By krhendrickson in epidemiology

March 27, 2023

I’m spending the last semester of my masters working on an independent study project on causal mediation analysis. It seemed a perfect opportunity to try this Learning in Public thing. I’m currenlty adding to this post on an almost daily basis.

Part I covers general mediation concepts and terminology. Part II covers more complex issues in mediation analysis.
Corrections or requests welcome in the comments section!

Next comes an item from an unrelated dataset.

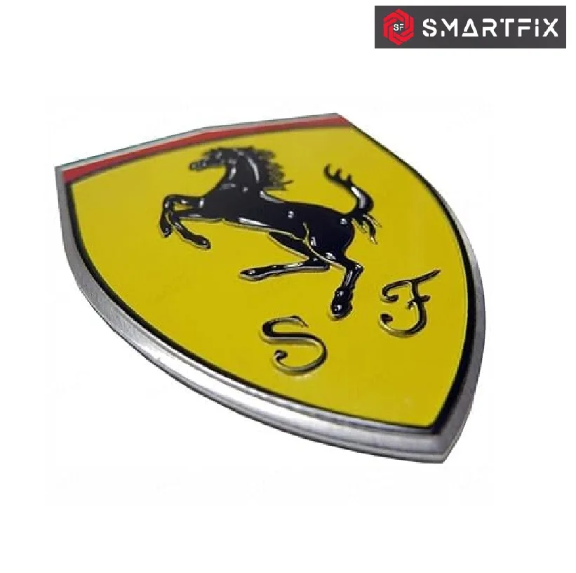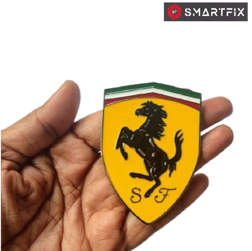 Fe-rrari 3D Chrome Metal Sticker Emblem Badge with Adhesive, Yellow Color, Universal Fit for Cars, Bikes and Laptops | Easy Application

Note: most of these notes are not specific to analysis in any language, but if I use code samples they will be in R.

Mediation analysis is often conducted to evaluate specific causal mechanisms after a general cause and effect relationship has been established by theory and experiments.

As a not-so-professional example, let’s say I’ve noticed a causal relationship in my life between drinking beer and having a bad hangover the next day. I’m confident in the overall connection between these two variables (having tested it many times), but I can think of multiple reasons that drinking beer might lead to a hangover. Below is one potential causal chain:

(Amusingly, I’ve recently gone sober-ish, so this post has become extremely theoretical.)

The value of a mediation analysis is being able to estimate how much of an observed effect is going through a specific pathway. In this case, how much is less sleep mediating the effect of drinking beer on my hangover. If less sleep is the only reason drinking alcohol affects how I feel the next day, then we would expect all of the observed effect to travel through that causal chain. However, there are probably multiple reasons I have a hangover after drinking, such as dehydration, or the direct effect of consuming alcohol making me feel ill. The directed acyclic graph (DAG) for this question would look like this:


Our research question is: how much of my hangover is due to the fact that alcohol consumption disrupts my sleep?

In terms of the graph - we’re interested in disentangling pathway ‘a’ to ‘b’ from the ’total effect’. Pathway ‘c’ would be all the other causal mechanisms by which beer consumption can cause a hangover (again, like dehydration, but this pathway is not mechanism specific).

A detour through terminology

One of the challenging parts about learning mediation analysis is the jargon associated with all the ways to break down the ’total effect’ into alternate pathways. What is the difference between the ’natural direct effect’ and the ‘controlled direct effect’? What about the ‘average casual mediated effect’? It’s the kind of thing that you think you understand right up until you have to say it in your own words. Which explains how I’m feeling about it right now…

To start simply, the direct effect is how much beer consumption is causing a hangover without going through an intermediary step.It’s no secret that alcohol isn’t good for you. According to the Mayo Clinic website, alcohol irritates the lining of your stomach, which can cause pain, nausea, or vomiting. For the purposes of this example, we’ll consider this a direct effect, or part of pathway ‘c’ in the DAG.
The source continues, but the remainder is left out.